Mir stellt sich die Frage, ob insbesondere „wenig computeraffine“ Menschen (DAUs) es schaffen, den Wahlcomputer sicher zu bedienen. Insbesondere bietet dies einen weiteren Weg für nicht nachweisbare Wahlfälschungen: Ein Wahlhelfer lässt einen Wähler wählen, und wenn der Wähler vergisst, die Stimme am Ende zu bestätigen, wartet der Wahlhelfer, bis der Wähler weg ist, geht an das Gerät und „korrigiert“ die Stimme. Das kann bei einer Wahlurne nicht so leicht passieren.

Ein weiteres und allgemeines Problem, welches aber schon oft angesprochen wurde und welches ich daher nur der Vollständigkeit halber erwähnen möchte: Eine manuelle Zählung kann durch jeden einfach nachgeprüft werden, bei Wahlcomputern ist dies nicht der Fall. Dadurch geht das Vertrauen in die Wahl und somit auch die damit gewählten Vertreter verloren, was der Demokratie und dem Vertrauen in selbige alles andere als zuträglich ist.

An dieser Stelle wollte ich eigentlich einen Aufruf starten, sich doch bitte als Wahlhelfer zur Verfügung zu stellen. Denn das kostet zwar einen ganzen Sonntag ohne angemessene Vergütung, allerdings wird damit das Argument „Wir haben zu wenige Wahlhelfer für manuelle Auszählungen“, mit dem immer wieder für Wahlcomputer geworben wird, ausgehebelt und ein starkes Zeichen für eine Papierwahl und die Demokratie gesetzt. Da ich mich selbst nicht als Wahlhelfer gemeldet habe (habe im Internet keine Informationen dazu gefunden, wie man sich dafür meldet) und es dank Hartz 4 offenbar inzwischen genug „freiwillige“ Wahlhelfer gibt, verzichte ich auf den Aufruf.
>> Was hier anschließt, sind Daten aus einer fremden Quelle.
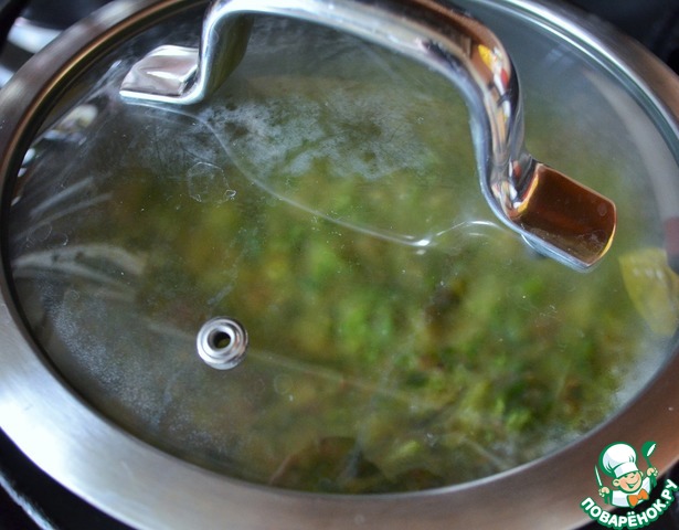 Выложить массу в сковороду, дать закипеть, накрыть крышкой. Огонь убавить до среднего и запекать минут 5-8.

Wer will, kann die Wahlen und Auszählungen aber trotzdem beobachten und in den Wahllokalen, wo Wahlcomputer benutzt werden, kritische Fragen stellen.

Wahlcomputer stehen in Hessen in folgenden Orten:
Alsbach-Hähnlein, Bad Soden, Lampertheim, Langen, Niedernhausen, Niestetal, Obertshausen und Viernheim

UPDATE: Die Probewahl in Langen habe ich leider aufgrund dummer Umstände verpasst, und die war wohl recht interessant. Telepolis berichtet in einem sehr lesenswerten Artikel: Wieder ein Eingabefehler (oder doch nicht? Nachprüfbar ist es nicht…) Interessant ist auch der Hinweis, dass solche Eingabefehler natürlich auch absichtlich geschehen könnten, um Wahlcomputer zu diskreditieren, nette Idee. Übrigens gab es wohl mehr als genug Wahlhelfer.